None of this, however, has improved the government’s standing in the media polls. For millions of working people, the daily reality is an historic decline in real wage levels, soaring living costs and increasingly casualised and insecure employment (see: “Falling wages fuel social crisis in Australia”).

Nor has it satisfied the financial markets, which are insisting on far more brutal measures to decimate social spending. This week, the Wall Street credit ratings agency S&P demanded “more forceful fiscal policy decisions,” warning that Australia’s AAA credit rating was at risk.

Yesterday’s Australian Financial Review editorial again vented the frustration in ruling circles. It denounced the 0.06 percent levy imposed on the five major Australian-based banks, which was a transparent ploy by the government to put a “fairness” gloss on the budget. “It is an attempt to fix the government’s budget woes not through disciplined reform but with an arbitrary money grab under the cover of populist politics,” the editorial declared. “How did it come to this?”

The capitalist elite backed Turnbull, a multi-millionaire former merchant banker, when he ousted his predecessor Tony Abbott as Liberal Party leader in September 2015. Turnbull promised to provide the “economic leadership” required to inflict the social spending cuts and attacks on working conditions that Abbott had proved unable to deliver.

Increasingly, the conclusion is being drawn in the corporate and media boardrooms that Turnbull has failed as well, generating fractures throughout the parliamentary order.

There are open rifts within the government’s own ranks. That was highlighted on Thursday when Abbott, speaking from Israel, provocatively defended his government’s 2014–15 budget as the “gold standard” and branded the latest budget as “second-best.” Abbott denounced the Senate for obstructing the 2014–15 budget and reiterated his call for a constitutional amendment to reduce the Senate’s power.

Earlier this year, one of Abbott’s former protégés, Senator Cory Bernardi, split from the Liberal Party to launch the Australian Conservatives, adding another right-wing party to the political turmoil, alongside Senator Pauline Hanson’s anti-immigrant One Nation and Senator Nick Xenophon’s protectionist Nick Xenophon Team.

Divisions have also erupted in the Labor Party, whose polling results also remain at low levels. Former Deputy Prime Minister Anthony Albanese this week challenged Labor leader Bill Shorten’s response to the budget. In his budget-reply speech, Shorten, a right-wing ex-trade union boss, rebuffed an obvious plea by the government for a bipartisan front to push the budget through parliament.

Shorten denied claims the budget was “Labor lite” because it went part way to accepting Labor’s own cost-cutting schools, health care and disability funding plans.
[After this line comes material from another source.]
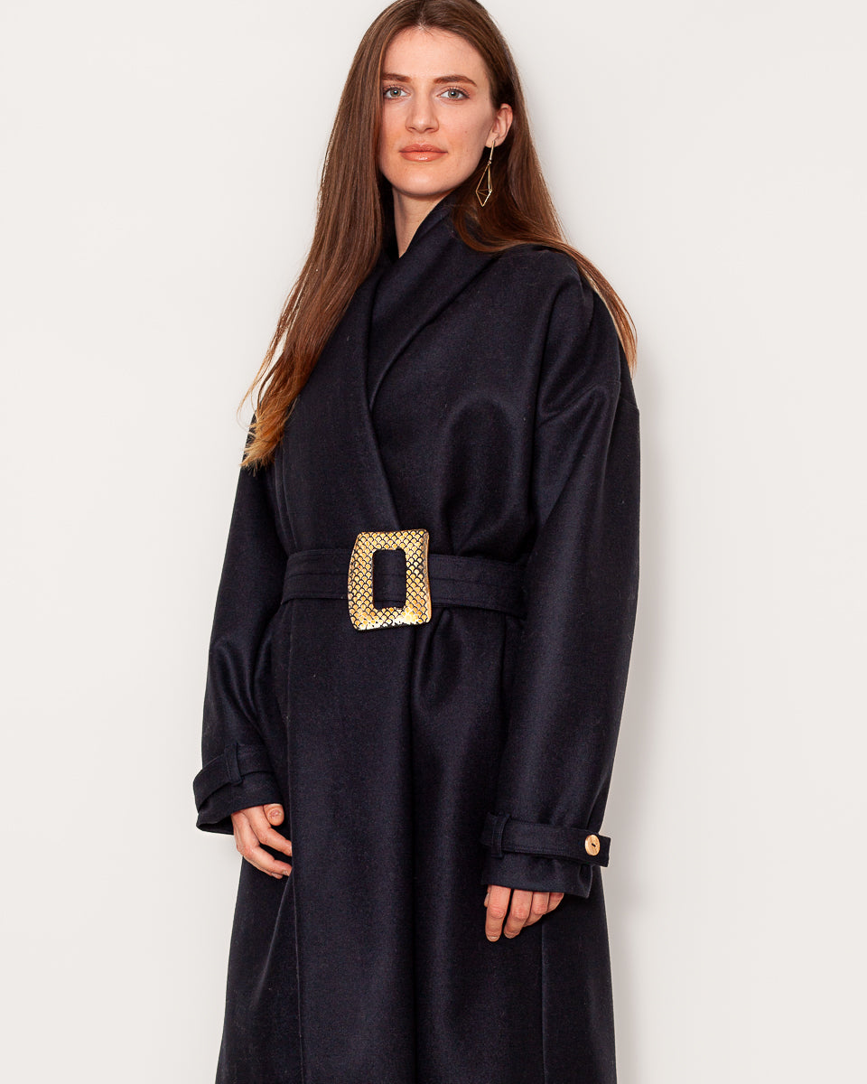 C’est de là qu’est né ce modèle, quelque part entre le trench et le kimono, deux pièces que j’adore pour leur présence, leur ligne et leur façon de structurer la silhouette.

Acutely aware of the social unrest and fearing being further discredited along with the government, Shorten accused the government of giving “tax cuts to millionaires” while increasing the tax burden for low and middle income earners—even though he spearheaded similar measures while a Labor government minister.

By contrast, Albanese, who was the Labor “left” faction’s candidate for the party leadership against Shorten, after Labor’s landslide 2013 election defeat, told a Transport Workers Union meeting that the budget was an “overwhelming victory” for Labor and “the broader labour movement.” The government had decided to “embrace Labor values on some core issues.”
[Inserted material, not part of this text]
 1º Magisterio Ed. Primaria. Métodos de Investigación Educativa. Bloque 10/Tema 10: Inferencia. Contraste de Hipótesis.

Albanese’s statements underscore the pro-business character of Labor’s “core values.” They were also a clear pitch to the ruling class for Labor to be returned to office as a more reliable political mechanism, in partnership with the trade unions, to implement the dictates of the money markets.

None of the contending factions has any difference with imposing the program of austerity, war and erosion of basic democratic rights. The working class, however, so far remains politically sidelined. It must intervene on the basis of a socialist program to resolve the economic, social and political crisis in its interests, not those of the wealthy elite.